Exercise description =
From the very first line of the data to the line containing "A few more shots", retype everything exactly, leaving the pictures behind.
(Data in this exercise)
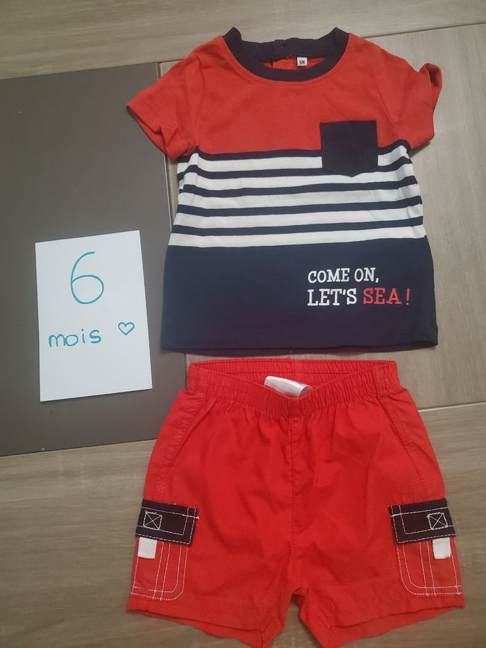 Ensemble tshirt + short rouge et marine, en parfait etat, jamais porté, seulement lavé.
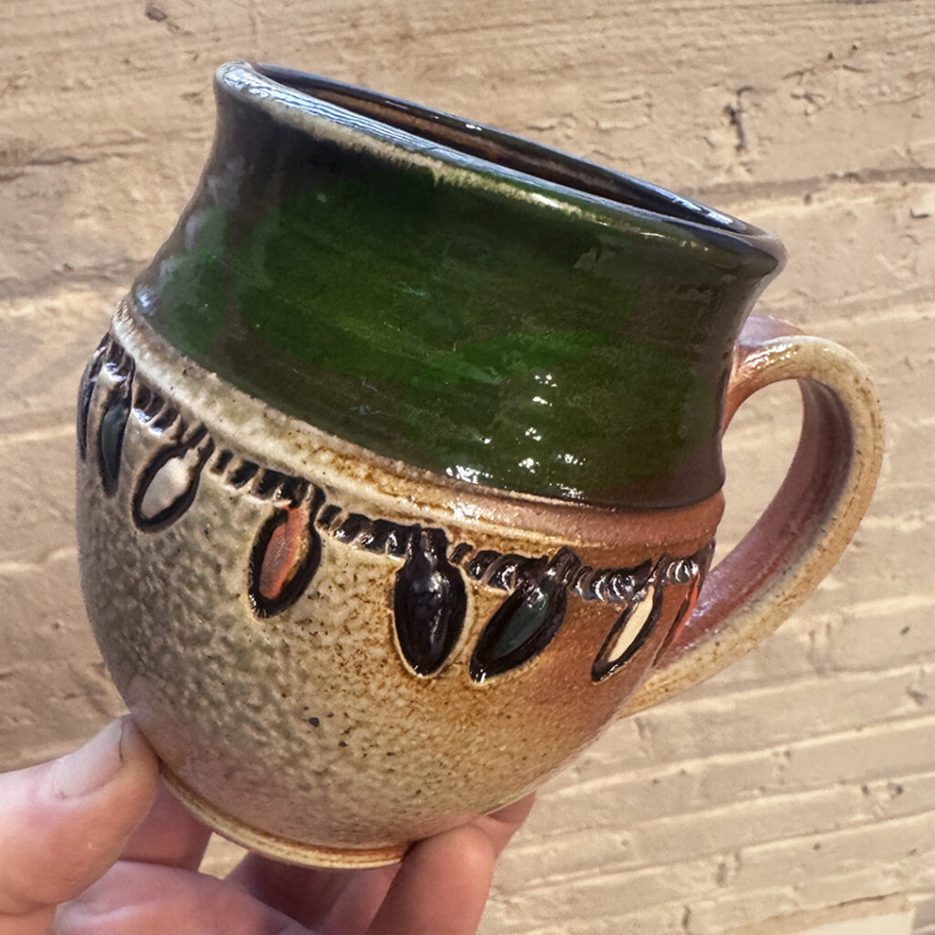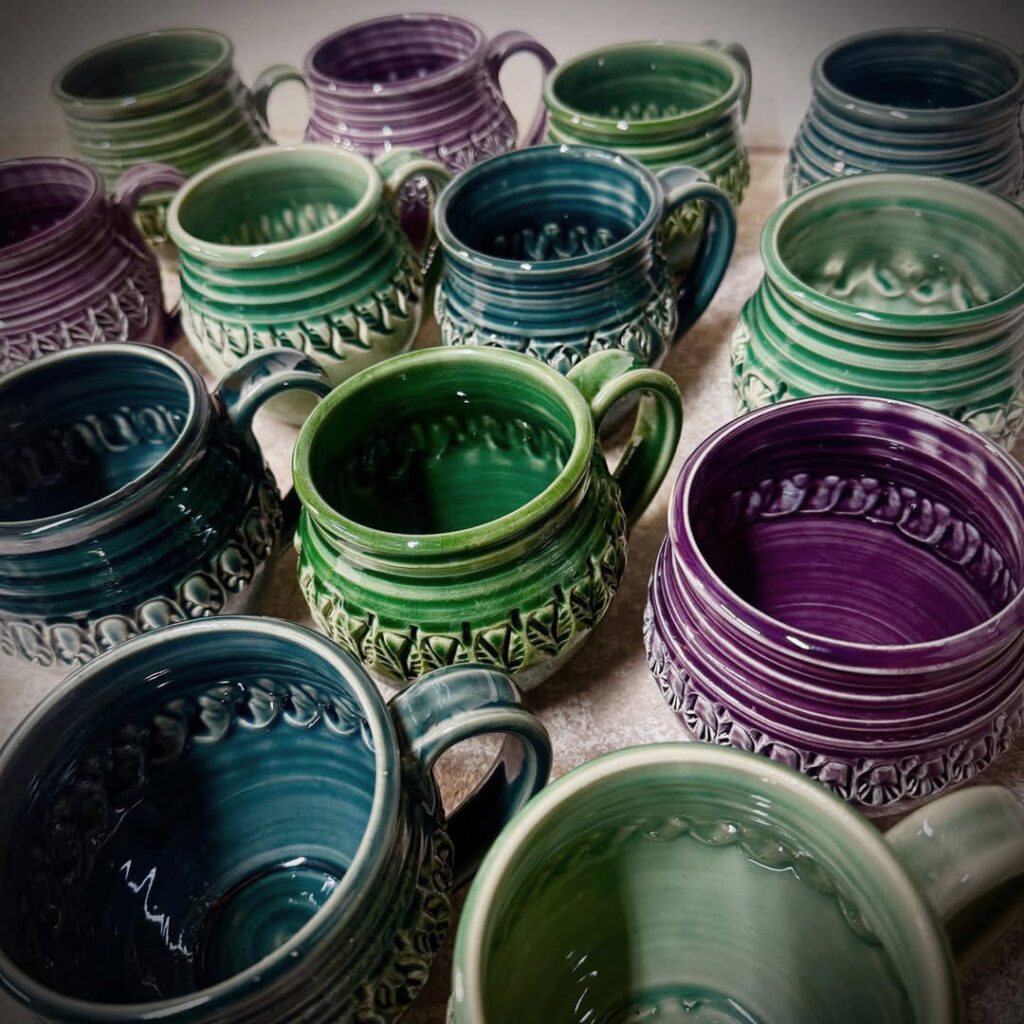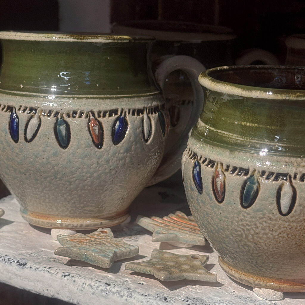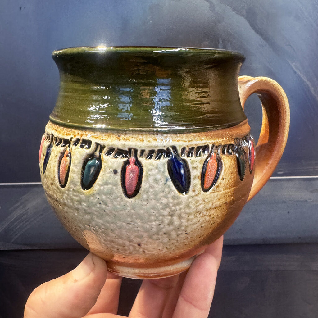 A few more shots of this year’s collection of Holiday Mugs… just in time for this weekend’s HOLIDAY HOME SHOW!!! New stamped & soda-fired mugs with a string of Holiday Lights… as well as some mugs with Christmas Trees & star toppers… kinda like last year’s holiday mugs!
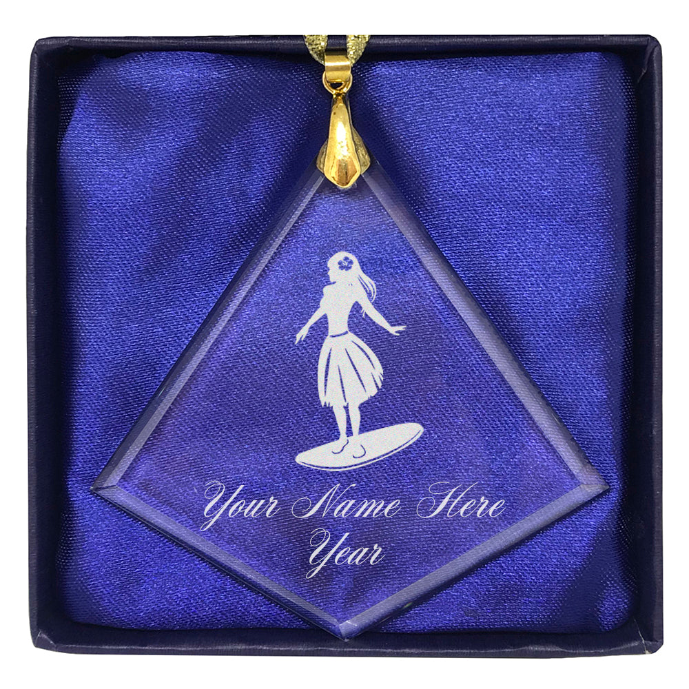 LaserGram Christmas Ornament, Hawaiian Surfer Girl, Personalized Engraving Included (Diamond Shape)
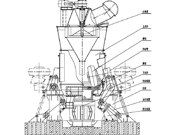 立磨機的主要結構由分離器、磨輥裝置、磨盤裝置、加壓裝置、減速機、電動機、殼體等部分組成。分離器是決定磨粉產品粗細的重要部件,它由可調速的傳動裝置、轉子、導向風葉、殼體、粗粉落料錐斗、出風口等組成,是一種高效、節能、快捷的選粉裝置。磨輥是對物料進行碾壓粉磨的主要部件、它被裝在磨機的彎臂上,在外力的作用下,緊壓在磨盤的物料上,在磨盤的帶動下,磨輥隨之轉到,從而使物料被碾壓而粉碎。磨盤固定在減速機的輸出軸上,磨盤上部為料床,料床上有環形槽,物料就是在環形槽內被磨輥碾碎的。加壓裝置時提供磨輥碾磨壓力的部件,它由高壓油站、液壓缸拉桿、蓄能器等組成,能向磨輥施加足夠的壓力使物料粉碎。減速機是傳遞動力的主要部件,磨盤的轉速就是減速機輸出抽的轉速。
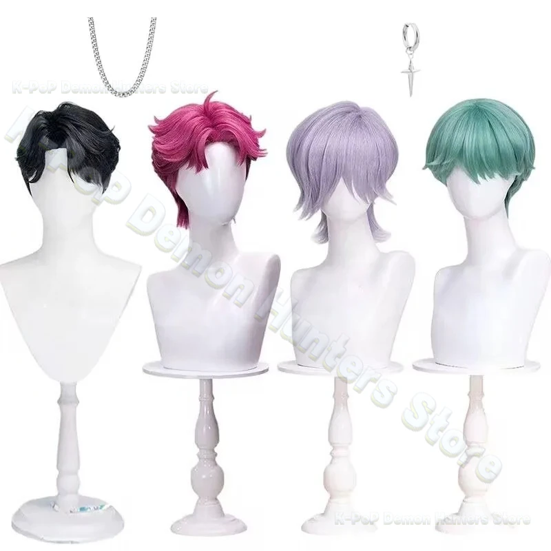 Kpop běs hunters paruka saja chlapci jinu děťátko abby záhada romantika paruka muži krátký vlasy jinu cosplais řetízek náušnice volný paruka čepice
(End Data in this exercise)
Task output =
 Ensemble tshirt + short rouge et marine, en parfait etat, jamais porté, seulement lavé.
 A few more shots of this year’s collection of Holiday Mugs… just in time for this weekend’s HOLIDAY HOME SHOW!!! New stamped & soda-fired mugs with a string of Holiday Lights… as well as some mugs with Christmas Trees & star toppers… kinda like last year’s holiday mugs!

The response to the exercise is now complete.